Baseamos nossas conclusões em estudos falhos. A maioria das pesquisas que aborda esse tipo de fator de risco é de coorte, em que se observa uma população, ou de caso-controle, em que se parte do fim [da pessoa já doente] para o começo. Estudos mais precisos, em que as pessoas são separadas em grupos e recebem uma intervenção (comer ou não ovo, por exemplo) são caros e, em geral, feitos por laboratórios para testar drogas e ter lucro. Ninguém gastaria dinheiro para fazer isso com ovo.
Quais são os principais problemas conceituais que aparecem nas pesquisas?
São questões que fazem a pesquisa começar errado já na origem. Uma delas é o chamado “p”, a probabilidade de a hipótese estar certa ou errada. Para um estudo ser aceito, o estabelecido é que a probabilidade de a hipótese provada estar errada deve ser menor do que 5%. Mas de onde vem esse valor? Isso não está escrito em lugar nenhum. A medicina baseada em evidências, na verdade, mistura duas teorias estatísticas diferentes. Outro problema é o número de hipóteses. O ideal é ter só uma. Um estudo publicado no Canadá em 2006 cruzou causas de internação e dados demográficos, até signo. Descobriram que pessoas de Touro têm mais doença diverticular do cólon. O que isso significa? Nada. Quanto mais comparações, maior é o risco de descobrirmos coisas que não têm nada a ver.
O sr. critica estudos sobre remédios que medem só se eles melhoram resultados de exames em vez de se reduzem mortalidade. Isso leva a condutas erradas?
Isso é feito para economizar e ter respostas rápidas. Temos remédios contra hipertensão no mercado que não provaram se reduzem mortalidade ou ocorrência de derrame. Eles controlam a hipertensão, ótimo. Mas e se depois a droga começa a matar os consumidores por intoxicação? Se o estudo tivesse analisado a mortalidade, não aconteceria isso.

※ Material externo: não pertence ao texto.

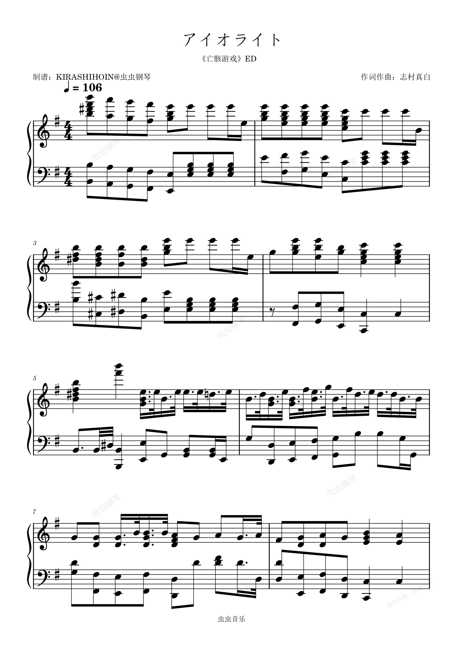 钢琴谱:アイオライト(《亡骸游戏》ED/片尾曲)- 水濑祈

O sr. diz que isso acaba levando a uma medicina centrada no médico em vez de no paciente. Como é isso?
O exemplo clássico é a osteoporose. O paciente chega com uma densitometria óssea indicando osteoporose, o médico receita uma droga e a pessoa, depois, refaz o exame. Aí o médico diz: “Sua densitometria melhorou, sua osteoporose está indo bem.” Mas a osteoporose está indo bem no exame, essa é uma variável centrada no médico. O que importa para o paciente é quebrar ou não um osso. Isso não depende só do resultado do exame, mas de outros fatores, como iluminação do ambiente, se ele está enxergando bem etc.

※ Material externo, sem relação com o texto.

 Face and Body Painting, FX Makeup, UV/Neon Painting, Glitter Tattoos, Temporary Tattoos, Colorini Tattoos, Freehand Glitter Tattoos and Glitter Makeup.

O sr. diz que a publicidade excessiva para certas doenças, como a criação de dias temáticos, pode causar um viés nos diagnósticos. Por quê?
Se um psiquiatra começa a ir a muitos congressos sobre depressão, a receber visitas de representantes de laboratórios com remédios para depressão, a ler artigos sobre isso, a tendência é que ele diagnostique mais depressão. O paciente que recebe essas informações também pode começar a se enquadrar nos sintomas.
Outra questão são as campanhas com exames de rastreamento. Num rastreamento de diabetes, você vai achar pré-diabéticos. Mas pré-diabetes aumenta mortalidade? Não está provado que isso realmente acontece. Muitos desses pacientes limítrofes vão acabar tomando remédios sem que haja evidências de que isso vai ajudá-los.
O que poderia ser feito para combater os vieses da medicina baseada em evidências?
Estudos populacionais independentes, que são caros e só podem ser feitos pelo governo. Em vez de pegar mil pessoas que usam um medicamento, seria possível pegar o país todo, para saber, por exemplo, se certa droga reduz a mortalidade.
Defendo também que os estudos venham com os dados básicos, sem os cálculos estatísticos mais complexos. Quem está lendo que faça os cálculos que julgar necessário. O problema é que os estudos ficariam sem conclusão, ficaria a cargo do leitor, do médico, que teria de saber estatística para interpretar isso. É mais fácil ler o resumo da pesquisa e acreditar nele.
Marcelo Derbli Schafranski tem 36 anos, é de de Ponta Grossa (PR) e é reumatologista, doutor em medicina interna pela Universidade Federal do Paraná e professor na Universidade Estadual de Ponta Grossa.